For the JTK1, native build is usually the easiest way to go…you know it’ll be compatible with the linker and libs on the JTK1. For cross-compile, you may need to build a 4.9 version of Linaro.

Great thanks. I installed several packages already such as arm-none-eabi-*. I wasn’t sure if those were what I need. If that’s wrong, I’ll try linaro, but I would still need to know which one (or more) to choose from.

In the meantime, I bought another TK1 to help with getting the broken one working. I’m in the process of copying the eMMC of the new one to an SD card to boot on the old one.

I have a question about what is on the new TK1: is that Ubuntu or L4T?

$ cat os-release
NAME=“Ubuntu”
VERSION=“14.04.1 LTS, Trusty Tahr”

$ cat nv_tegra_release

R21 (release), REVISION: 4.0, GCID: 5650832, BOARD: ardbeg, EABI: hard, DATE:5

Looks like Ubuntu, but I guess L4T is Ubuntu, also?

I want CUDA, I and assume that it’s not already installed. Can I install “CUDA 6.5 Toolkit for L4T Rel 21.4” on this OS, or is there a different cuda toolkit that I should install? Or, should I change the OS first?

Thanks

I found at Tegra/Downstream SW/Linux4Tegra - eLinux.org that it is l4t. Sorry for the unnecessary question.

My copy of the new board’s eMMC boots from SD card on the other board, but only if I remove boot args. I must be using the wrong u-boot. I’ll try rebuilding it.

I’m currently installing CUDA on both boards. Thanks for all the help.
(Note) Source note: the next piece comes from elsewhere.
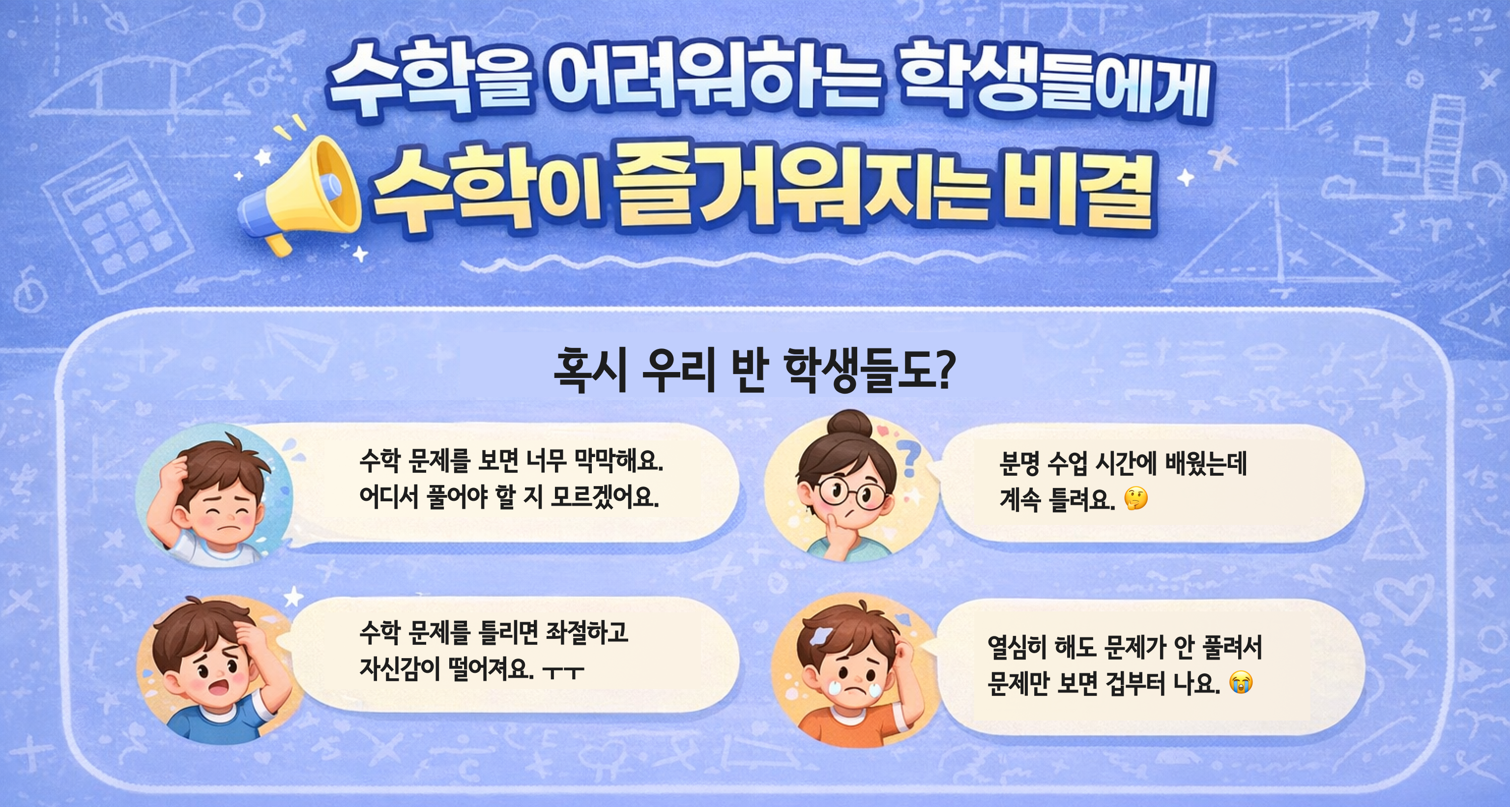λ¨κ³λ³ 보μμ ν΅ν΄ νμ΅μ μ¬λ―Έλ₯Ό λ°κ²¬νκ³ , νμ μ€μ€λ‘ λ¨Όμ μ°Ύλ μ§μ κ°λ₯ν μκΈ°μ£Όλ νμ΅ νκ²½μ μ 곡ν©λλ€. μ±μ·¨μ κΈ°μ¨μ κ²½νν νμμ μ μλμ μ§λ μμ΄λ μ€μ€λ‘ νμ΅μ λͺ°μ νλ©° κΈ°μ΄ νλ ₯μ ννν λ€μ Έλκ°λλ€.

arm-none-eabi is for bare metal, with no hardware floating point. This works for building boot loaders, and in sometimes kernels. This would be incompatible with user space apps. For both kernels and user space I use arm-linux-eabihf (which will probably have “gnu” in the name, depending on file packaging). “linux” implies a linux environment (instead of bare metal), the “hf” implies hard float convention (which all of the modern Linux systems use). The eabi is just the GNU E ABI calling convention.

L4T is Ubuntu, except that some direct hardware access files are added. L4T sample rootfs is pure Ubuntu, the apply_binaries.sh script places direct hardware access files over the top of this. System administration is still Ubuntu, as well as configuration (other than perhaps some nVidia tools).
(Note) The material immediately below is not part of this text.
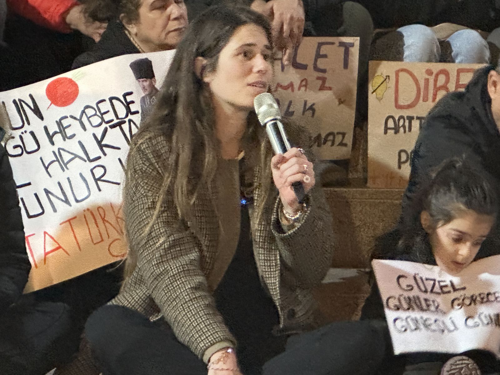Oturma eylemine katılan vatandaşlardan bazıları da söz alarak, neden orada olduklarını anlattı. Konuşmacılar, mücadelenin sadece Ekrem İmamoğlu meselesi olmadığını, ülkenin geleceği, adalet ve demokrasi için bir araya geldiklerini belirtti.

Those direct hardware access files make it possible to install CUDA (on JTK1 version 6.5 is the most recent version supported for 32-bit). Basically you can take a JTK1 which freshly arrives with Ubuntu, and turn it into L4T by running the script in the NVIDIA-INSTALLER directory; this is directly equivalent to flashing with the sample rootfs after the apply_binaries.sh script places those same files on the sample rootfs. CUDA can be installed after this…typically you install the repository file and then just use apt-get to install the rest of CUDA.

~/NVIDIA_CUDA-6.5_Samples/1_Utilities/deviceQuery$ ./deviceQuery
./deviceQuery Starting…

CUDA Device Query (Runtime API) version (CUDART static linking)

cudaGetDeviceCount returned 38
→ no CUDA-capable device is detected
Result = FAIL

It works ok as root or with sudo. Would you please tell me what I need to change to use CUDA as a non-root user?